Report: Worn Tires Put Drivers at Risk

Auto safety experts are warning that driving during heavy rains can be just as dangerous as driving on ice covered roads. 

New research from AAA reveals that driving on relatively worn tires at highway speeds in wet conditions can increase average stopping distances by as much as 43 percent, more than the length of a semi-trailer truck, when compared to new tires. 

With nearly 800,000 crashes occurring on wet roads each year, AAA urges drivers to check tread depth, replace tires proactively, and increase following distances significantly during rainy conditions. 

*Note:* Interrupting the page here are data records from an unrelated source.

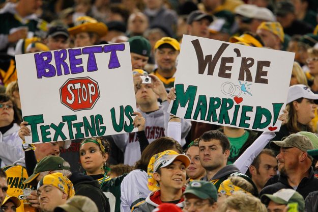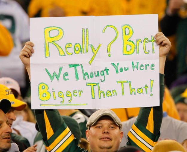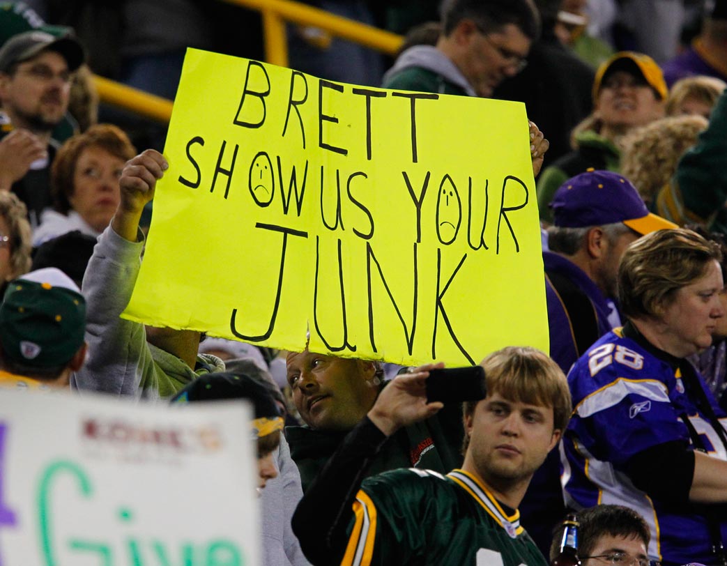Last night was a pretty wild night with the Minnesota Vikings in town to play the Packers. The crowd was a good mix of both Vikings and Packers fans and as you can imagine there were a lot of fans both cheering and booing Brett. In the end the Packers came out ahead, but not without Mr. Favre trying to win the game for his team in the last couple of minutes. Here are my favorite photos along with some of my favorite signs the crowd had. Thanks for looking.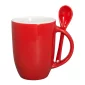 This 12 Oz. (354 mL) ceramic mug features a colored exterior and a matching spoon (all have white interior). This product is for use with hot and cold beverages. The spoons ship in bulk separately from mugs. Ceramic spoon measures approximately 4.56"l x 1"w. Up to 2 colors is available for pad printing. Reduced imprint area for multi-color orders: 1.75"w x 1.25"h. The dimensions include the handle. Complies with Prop 65. 4.31" H x 4.5" W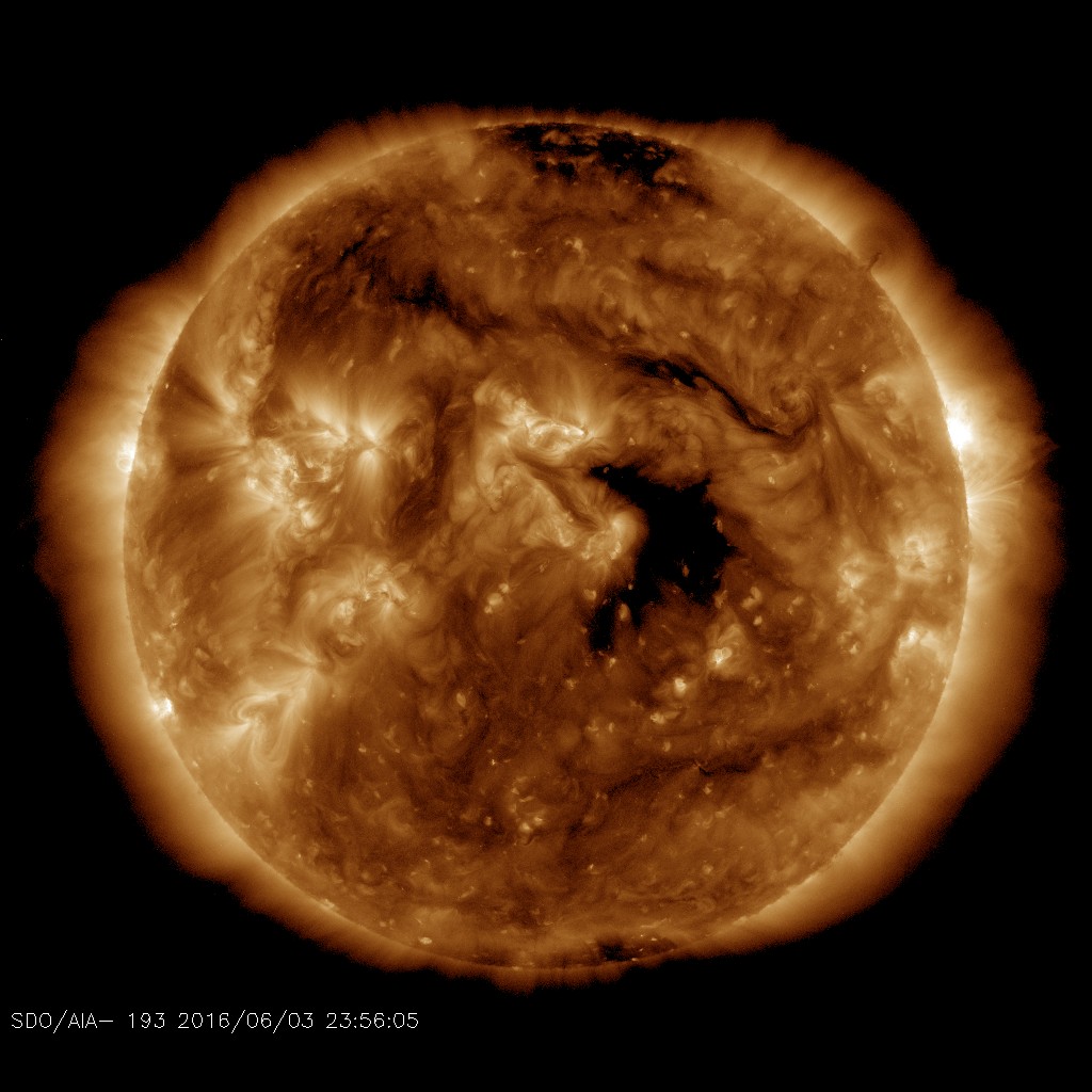 WEEKEND STORMS ARE LIKELY: NOAA forecasters estimate a 70% chance of geomagnetic storms on June 4th and 5th when a solar wind stream hits Earth's magnetic field. Deja vu? This stream has been here before. On May 8th (Mother's Day), it sparked the strongest geomagnetic storm of 2016. During that G3-class event, auroras were photographed in the USA as far south as Kansas and Arkansas. This time, analysts expect the storm to peak at G2--not as strong as the Mother's Day Storm, but still worth watching. High-latitude sky watchers should be alert for auroras,especially in the southern hemisphere where darkening autumn skies favor visibility. Aurora alerts: text, voice.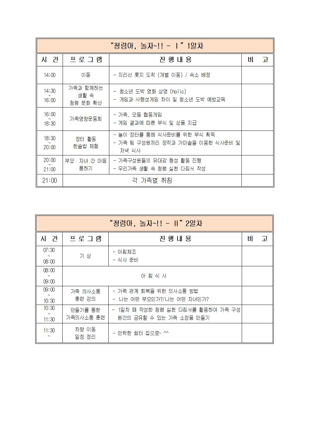 < 가족캠프 세부일정 >

AAA says it conducted testing to understand performance differences at highway speeds between new all-season tires and those worn to a tread depth of 4/32” on wet pavement. 

AAA researchers say they found that compared to new tires, tires worn to a tread depth of just 4/32” exhibit an average increased stopping distance of 87 feet for a passenger car and 86 feet for a light truck; and a 33 percent reduction in handling ability, for a passenger car and 28 percent for the light truck on average. 

While AAA said its research found that tire performance does vary by brand, price is not necessarily an indicator of quality. 

In fact, researchers say worn tire performance deteriorated significantly for all tires tested, including those at a higher price point. 

AAA advises shoppers to research options carefully before selecting a replacement tire for their vehicle, and never choose one based on price alone.